Large variance in performance of re-trained models.

Hello,

Thank you for your amazing work! SPT's light-weight architecture looks really promising for large remote sensing datasets due to its low latency and memory consumption. However, we're experiencing an issue with a high variance in performance when retraining a model using an identical config. Here's a short background of what we're trying to achieve:

We're currently testing SPT out on our own dataset of infrastructure assets like highway bridges and sign bridges. For this reason we adapted the dales datamodule config with the two modifications being:

we removed rgb as a feature, since our dataset does not have any color
we removed elevation as a feature, since we encountered similar problems, such as the ones described in issue #32. The relative elevation of points would be important, but the dataset would require us to manually clean up bridge reflections on the road, which end up being single points ~7m bellow the lowest road surface in the point cloud. For now, this is a quick solution we chose.
the resulting datamodule config can be found here: snrwl-template_v1-00_voxel-variant_00.yaml (and corresponding experiment config)

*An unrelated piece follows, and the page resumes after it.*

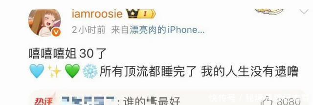 以至于这姐傲娇表示“30岁睡完所有顶流,人生没有遗憾”。 作为吃瓜群众的网友,只想感叹一句:贵圈真乱。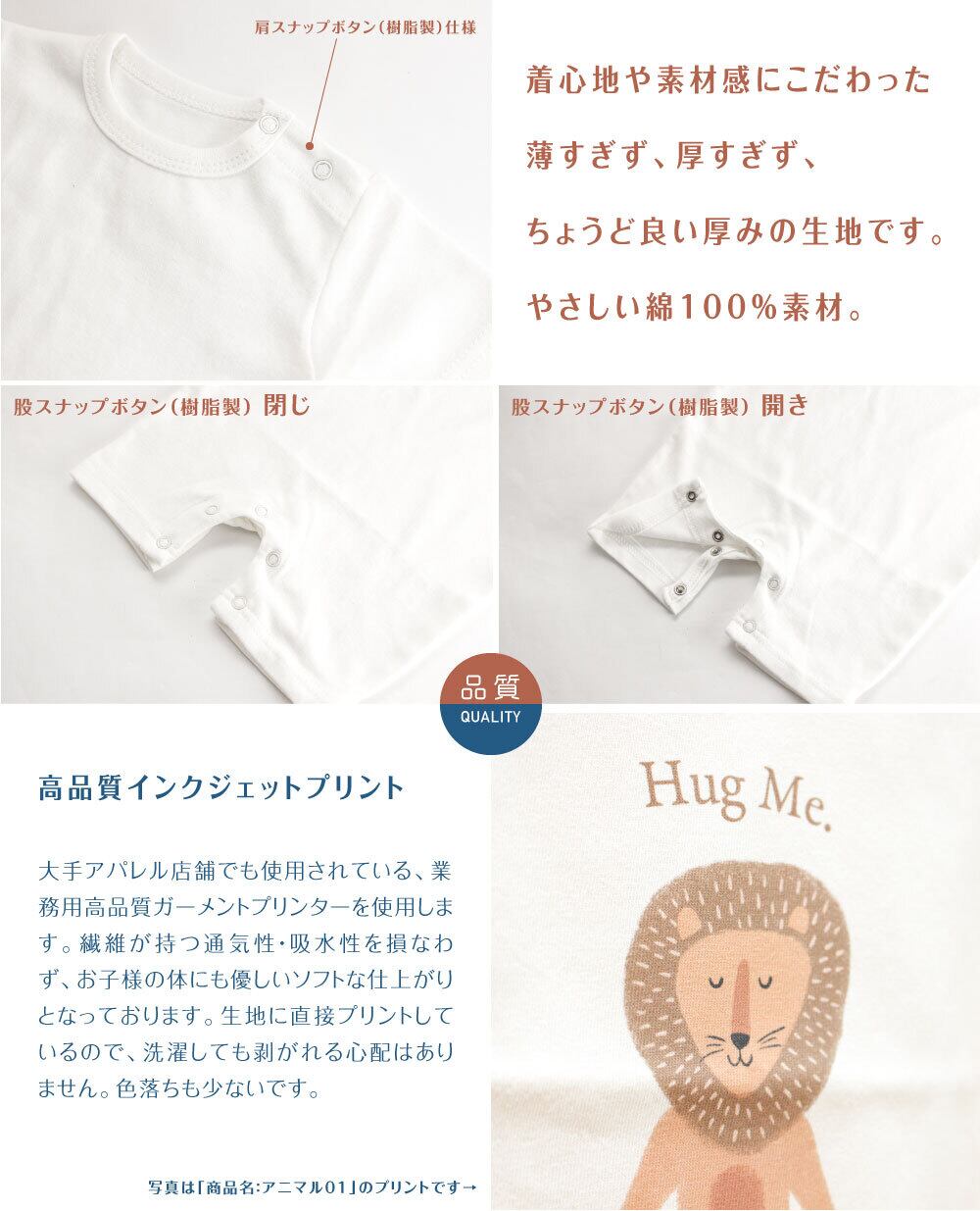 赤ちゃんにやさしい綿100%素材を使用。

Out of the box our results were slightly worse than other architectures, which SPT should outperform on benchmark datasets. With the current configuration we can achieve a validation mIoU of :

Architecture	mIoU

PointNext-XL	71.67
KPConv	70.77
PTv3	76.11
SPT	70.38

So far this is good but it has led us to suspect that there is potentially some more hyperparamter tuning we can do to improve our results further. However, the problem is that even retraining the model with the same configuration leads to vastly different results, preventing us from attributing one hyperparameter change to a specific improvement. For example, the following is a list of sorted mIoU results we achieve in 13 runs with the config mentioned above (mIoU standard deviation of ~1.26 and a range of ca. 5%):

In [3]: mious
Out[3]: 
array([70.38345337, 69.77773285, 69.54872131, 68.86537933, 68.28470612,
       68.27809143, 68.10830688, 67.68677521, 67.30361176, 67.17458344,
       66.95844269, 66.50408173, 65.95107269])

In [4]: mious.mean()
Out[4]: 68.06345837

In [5]: mious.std()
Out[5]: 1.2676893110159888

In [6]: print(mious.min(), mious.max())
65.95107269 70.38345337

The values are reported at the end of training or by using the src/eval.py script. There doesn't seem to be a large difference if we re-eavluate the same model twice. Can you suggest how we can reach a point where the mIoU is stable between training runs? Or is this the expected behavior? If so, what could be the reason for this?

Thank you in advance

Hi,

Variance in performance is a deep learning-wide issue and not specific to SPT. However, it can be exacerbated by SP-based methods if the dataset is too small: by reducing the problem SPT also reduces the amount of supervision.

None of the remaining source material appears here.